When this year rolled around we already knew it was gonna be a big one for retrospective celebration, with 2015 marking the anniversaries for a number of iconic designs, a testament to the golden age of sneaker design during that late '80s, mid '90s period. Nike dedicated the first six months celebrating their seminal Air Max 90 silhouette, but now their focus turns to another game changing Air Max, the 95. Created by upcoming footwear designer Sergio Lozano, the Air Max 95 was a watershed moment in the history of the Air Max range, a move away from Tinker Hatfield's restrained designs to flamboyant silhouettes that brought forth that crazy technical era of footwear design in the second half of the decade, a precursor to the wild designs of the 97, 98 and TN. On the 20th anniversary of the AM95, we sat down with Sergio Lozano to look back on his Air Max, delving into the history of the iconic sneaker that cemented Nike's fearless endeavour to innovate and push the boundaries of sneaker design.
When you started designing the Air Max 95 over twenty years ago, did you ever think you'd still be talking about it in 2015?
No way! As a designer, you actually do a project, and you do your best, put it out there, and you really don't know what's going to happen. You quickly move onto the next project.
Did you always want to work with performance sportswear?

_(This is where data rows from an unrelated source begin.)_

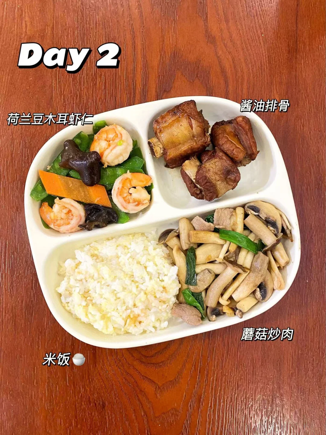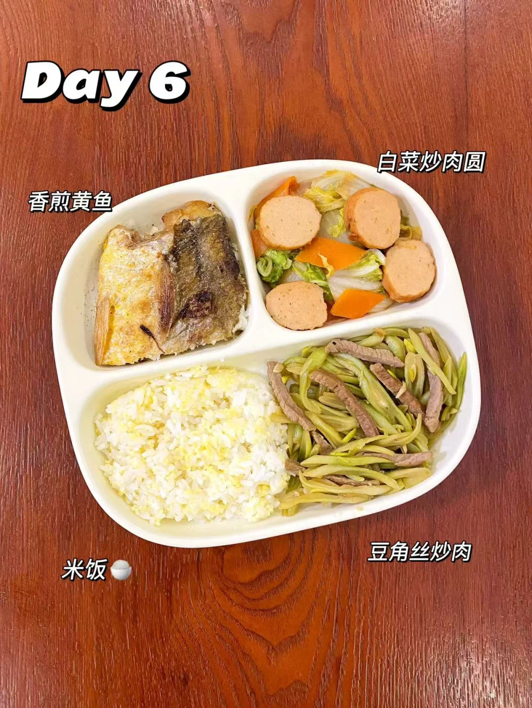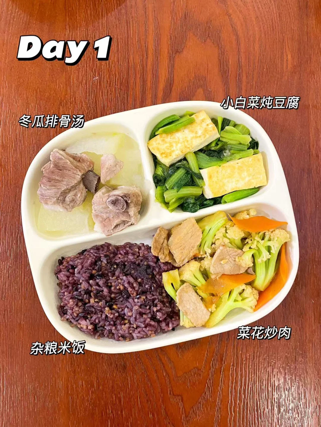 DAY11️⃣ 小白菜炖豆腐➕冬瓜排骨汤➕菜花炒肉➕杂粮米饭 DAY22️⃣ 荷兰豆木耳虾仁➕酱油排骨➕蘑菇炒肉➕米饭 DAY33️⃣ 唐扬鸡块➕芹菜炒香干➕番茄炒蛋➕杂粮米饭 DAY44️⃣ 咖喱土豆鸡肉➕萝卜丝虾汤➕米饭 DAY55️⃣ 蒜泥茼蒿➕卤鸡腿千张➕白菜炒虾➕杂粮米饭 DAY6️⃣ 香煎黄鱼➕白菜炒肉圆➕豆角丝炒肉➕米饭
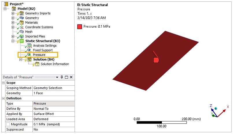 To update the model, you must assign an arbitrary material and thickness to its geometry in Ansys Mechanical. Both properties will be overwritten in ACP later in the tutorial.
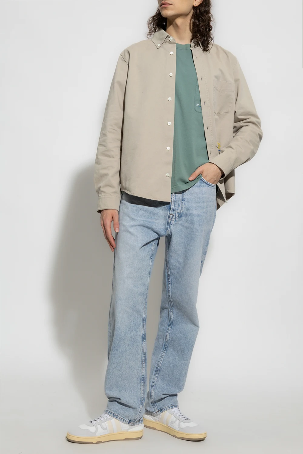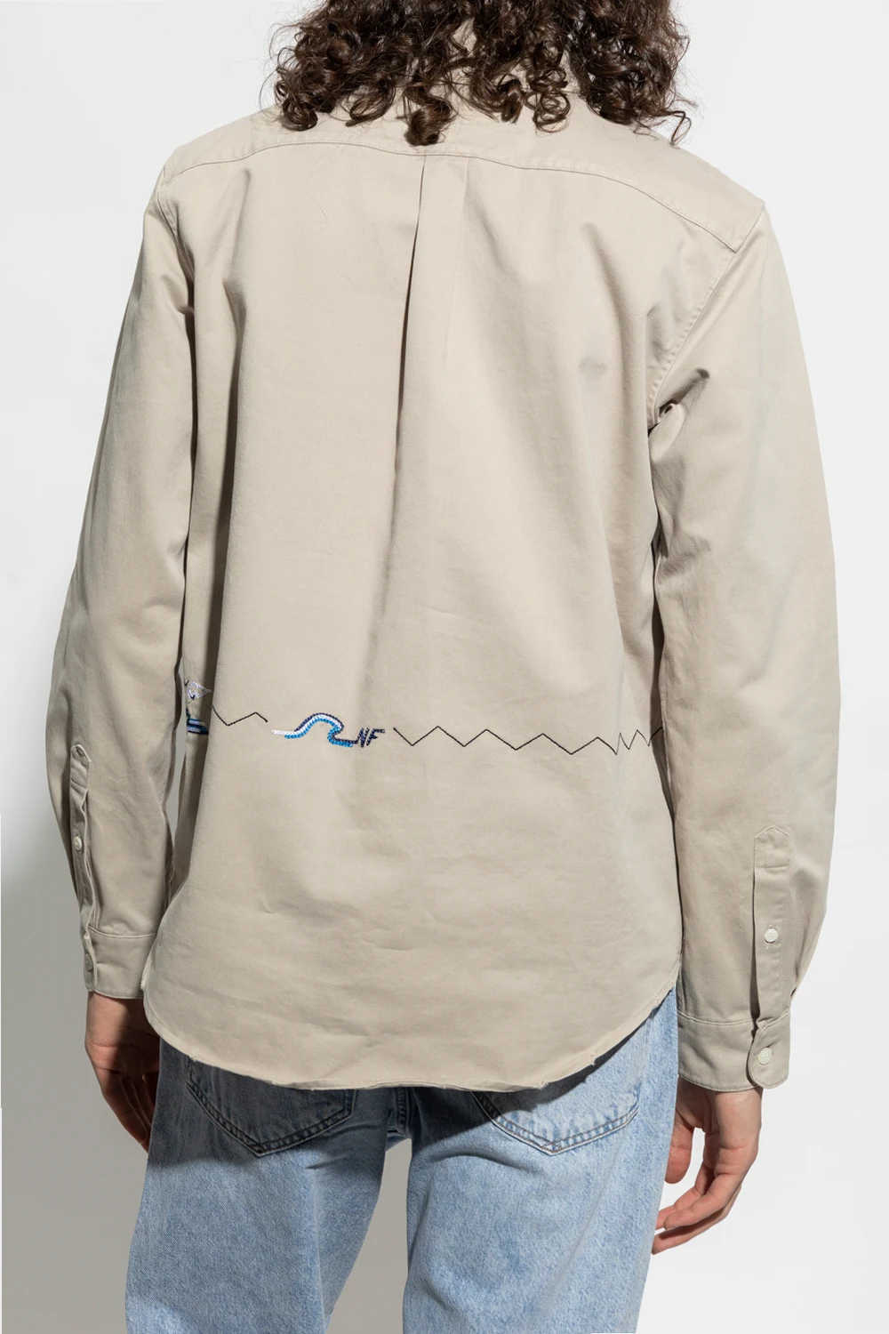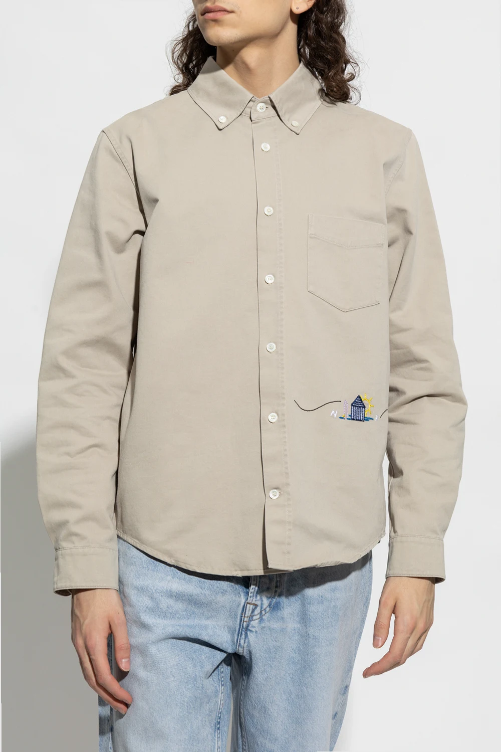 Jasnoszara, bawełniana koszula Nick Fouquet. Zapinana na guziki. Ozdobiona kolorowym haftem z logo. Z przodu kieszeń. Długie rękawy, mankiety zapinane na guzik.
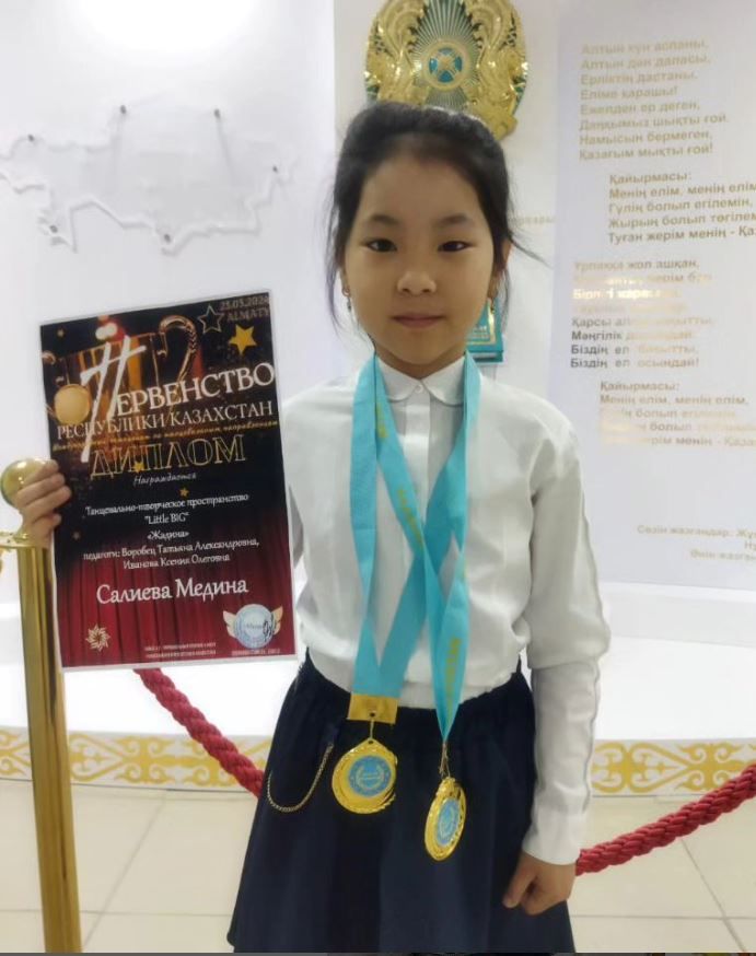 Поздравляем ученицу 3 Г класса Салиеву Медину с республиканскими достижениями в танцевальном конкурсе в г. Алматы.

No, actually, that's something that I fell into. I went to school to study industrial design. I studied design at Cal State in Long Beach, and when I was there Nike came recruiting. They were doing a west coast swing to hire just a bunch of young designers, and this was a time when Nike was growing like crazy at the very start of the ‘90s. I thought, "Okay Nike, I get it. That's kind of a cool brand, but I'm not sure if I want to design shoes. It's not really what I studied". So I applied for the job because I wanted interviewing experience, not because I wanted the job. I interviewed once, and apparently it went well, because when they came back again, they wanted to interview me a second time. Anyway, the second interview was actually pretty cool, I didn't know who these guys were at the time, but the people that came to interview me were Mark Parker, Tinker Hatfield, and Sandy Bodecker. At that point, I was still thinking, "Ah, I'm not sure if I would take the job, but I sure hope they offer me the job."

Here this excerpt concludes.